──────── Provided material
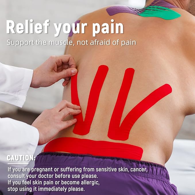 - ⚽️【Faster Recovery】Reduce tissue pressure and support muscles and joints, helping you recover from pain faster. Kinesiology tape is used for knees, shoulders, back, soles, elbows, etc.
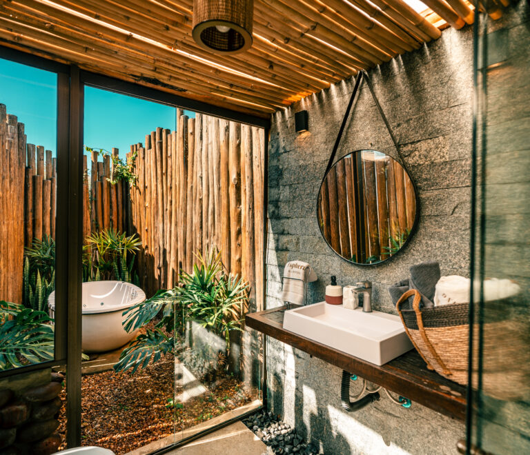 A Esphera Ancestral é um refúgio íntimo e sofisticado, perfeito para casais que buscam reconexão com a natureza e entre si. Integrado à mata nativa com vista privilegiada para o lago, oferece privacidade absoluta e um diferencial exclusivo: duas banheiras de imersão (interna e externa), aquecidas a gás, criando o cenário ideal para relaxamento em qualquer clima. É a única Esphera com terapias disponíveis dentro da própria cabana. A cabana acomoda até 2 pessoas em uma cama king de alto padrão e conta com espaço externo com fogo de chão e trempe para assados sob as estrelas.
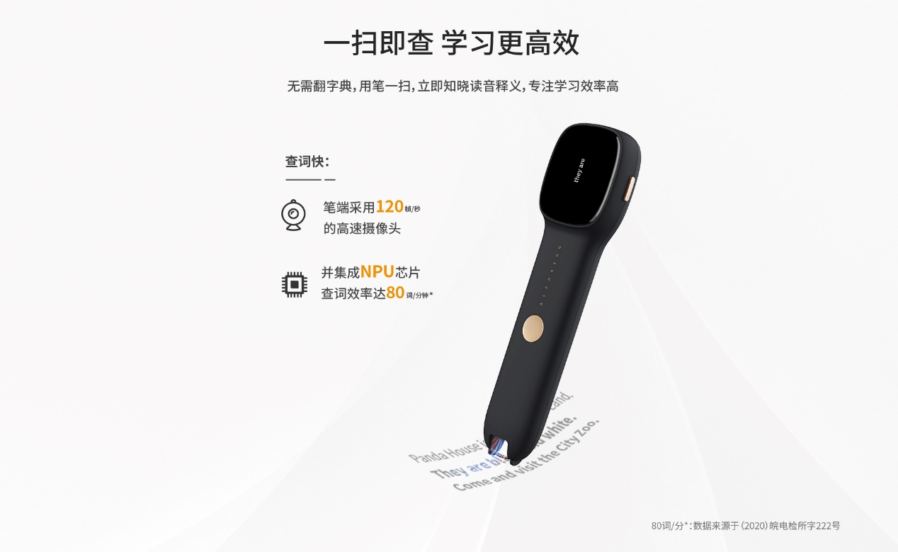 传统学习场景中,孩子查字词,主要依靠纸质词典或者手机软件。翻字典,效率太低;翻手机,诱惑太多。针对传统学习中的查询问题,阿尔法蛋智能词典笔S逐一解决,它可以一扫即查,快速高效聚焦学习。之所以如此“闪电速度”,是因为它搭载了一颗算力高达400GOPS的深度神经网络硬件加速单元(NPU)芯片和每秒扫描120帧图像的高速摄像头。
────────────────
Task statement: Give back all of the material exactly, though without the images it contains.

Reply to the exercise:
 - ⚽️【Faster Recovery】Reduce tissue pressure and support muscles and joints, helping you recover from pain faster. Kinesiology tape is used for knees, shoulders, back, soles, elbows, etc.
 A Esphera Ancestral é um refúgio íntimo e sofisticado, perfeito para casais que buscam reconexão com a natureza e entre si. Integrado à mata nativa com vista privilegiada para o lago, oferece privacidade absoluta e um diferencial exclusivo: duas banheiras de imersão (interna e externa), aquecidas a gás, criando o cenário ideal para relaxamento em qualquer clima. É a única Esphera com terapias disponíveis dentro da própria cabana. A cabana acomoda até 2 pessoas em uma cama king de alto padrão e conta com espaço externo com fogo de chão e trempe para assados sob as estrelas.
 传统学习场景中,孩子查字词,主要依靠纸质词典或者手机软件。翻字典,效率太低;翻手机,诱惑太多。针对传统学习中的查询问题,阿尔法蛋智能词典笔S逐一解决,它可以一扫即查,快速高效聚焦学习。之所以如此“闪电速度”,是因为它搭载了一颗算力高达400GOPS的深度神经网络硬件加速单元(NPU)芯片和每秒扫描120帧图像的高速摄像头。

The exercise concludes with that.